Marie : Quel dessert léger recommandez-vous après une entrecôte à la Bordelaise ?
Après l’entrecôte, pour terminer léger et dans le ton, on peut alors choisir des fraises au vin rouge qui vont clôturer ce magnifique déjeuner bordelais!
On évitera si possible de sucrer les fraises pour garder la fraîcheur et l’acidité de ce dessert. Si on tient absolument à l’accompagner d’un vin de Bordeaux, on choisira plutôt un vin de Saint-Emilion à base de Cabernet Franc, plutôt jeune. Les arômes variétaux de ce cépage sont souvent la framboise et la groseille, donc une association de fruits rouges. La fraise par elle-même est un arôme souvent rencontré en Bourgogne avec des vins issus de Pinot noir.
Miora : A part les poires et les fraises, quel(s) autre(s) fruit(s) se marie(nt) bien avec du vin en dessert?
Les deux recettes que vous évoquez associent des fruits et des vins.
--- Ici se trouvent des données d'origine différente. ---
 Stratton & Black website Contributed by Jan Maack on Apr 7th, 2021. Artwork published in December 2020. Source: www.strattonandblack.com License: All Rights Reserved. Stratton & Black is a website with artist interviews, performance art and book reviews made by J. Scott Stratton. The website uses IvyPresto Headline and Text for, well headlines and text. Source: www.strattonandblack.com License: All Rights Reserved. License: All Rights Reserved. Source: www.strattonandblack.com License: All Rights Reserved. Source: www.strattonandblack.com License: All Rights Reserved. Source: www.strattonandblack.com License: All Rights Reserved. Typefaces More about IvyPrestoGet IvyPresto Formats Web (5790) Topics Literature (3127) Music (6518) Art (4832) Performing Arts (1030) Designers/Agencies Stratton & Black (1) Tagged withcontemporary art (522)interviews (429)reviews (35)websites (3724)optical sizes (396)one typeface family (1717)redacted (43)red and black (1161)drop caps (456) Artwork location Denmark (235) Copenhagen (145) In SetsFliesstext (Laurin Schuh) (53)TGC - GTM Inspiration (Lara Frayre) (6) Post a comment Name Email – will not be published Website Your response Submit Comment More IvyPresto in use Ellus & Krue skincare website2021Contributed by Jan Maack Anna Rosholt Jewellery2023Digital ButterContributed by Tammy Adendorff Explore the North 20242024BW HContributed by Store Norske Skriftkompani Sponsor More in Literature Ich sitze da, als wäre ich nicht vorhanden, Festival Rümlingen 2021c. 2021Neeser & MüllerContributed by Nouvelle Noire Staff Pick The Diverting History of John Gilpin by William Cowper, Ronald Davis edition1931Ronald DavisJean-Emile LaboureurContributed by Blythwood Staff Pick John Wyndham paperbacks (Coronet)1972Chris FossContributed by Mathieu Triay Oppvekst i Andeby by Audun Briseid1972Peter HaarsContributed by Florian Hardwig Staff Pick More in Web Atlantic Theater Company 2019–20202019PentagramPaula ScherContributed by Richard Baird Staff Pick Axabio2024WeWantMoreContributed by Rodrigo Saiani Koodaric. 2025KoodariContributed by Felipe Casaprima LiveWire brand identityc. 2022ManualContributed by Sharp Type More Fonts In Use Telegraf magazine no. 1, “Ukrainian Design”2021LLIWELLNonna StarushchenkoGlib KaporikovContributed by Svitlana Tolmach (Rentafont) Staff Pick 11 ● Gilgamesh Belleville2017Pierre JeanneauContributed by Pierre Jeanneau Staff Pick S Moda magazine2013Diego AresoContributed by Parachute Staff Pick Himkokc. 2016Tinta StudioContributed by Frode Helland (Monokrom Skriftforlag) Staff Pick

Les vins de dessert bordelais par excellence restent les vins moelleux et liquoreux du sud-Gironde. Rive droite avec les Loupiac et les Sainte-Croix-du-Mont, rive gauche avec les Cérons, Barsac et Sauternes. Ils offrent une telle palette aromatique qu’ils s’adaptent à pratiquement tous les desserts, qu’il soit à base de fruits, de crème ou de chocolat.
Marie : Quelle est la véritable histoire du cannelé ? J’ai entendu dire qu’elle était liée à la fabrication du vin. Est-ce vrai ?
Comme toute recette un peu mythique, elle a plusieurs légendes. Mais à ma connaissance, aucune ne concerne le vin. Concernant la réussite des cannelés, il est souhaitable, même si c’est davantage de travail, d’utiliser des moules en cuivre puisque ceux en silicone offrent souvent une cuisson moins bien adaptée aux exigences qui font sa qualité première : craquant à l’extérieur, moelleux à l’intérieur.
Nini33 : Quelles sont les meilleures adresses à Bordeaux (ou ailleurs!) pour déguster la cuisine bordelaise?
Je conseillerais pour déjeuner ou dîner (à la bordelaise) d’aller bien entendu à la Brasserie bordelaise rue Saint-Rémi, mais aussi au Noailles allées de Tourny. Les photos de ces deux institutions sont d’ailleurs dans le livre. Bien entendu, bien d’autres endroits à Bordeaux comme en Gironde permettent de goûter les produits du terroir avec de bons rapports qualité/prix.
Josette : Où peut-on trouver votre livre ?
On peut trouver mon livre partout en France et dans tous les pays francophones. Concernant la France, le livre est diffusé en librairies, dans les maisons de presse et les grandes surfaces. Et les grandes enseignes nationales comme la Fnac et Cultura. On le trouvera bien entendu chez Mollat à Bordeaux.
« Connaître la cuisine bordelaise » (éd. Sud Ouest, 2011, 64 pages couleur, 7,50 euros).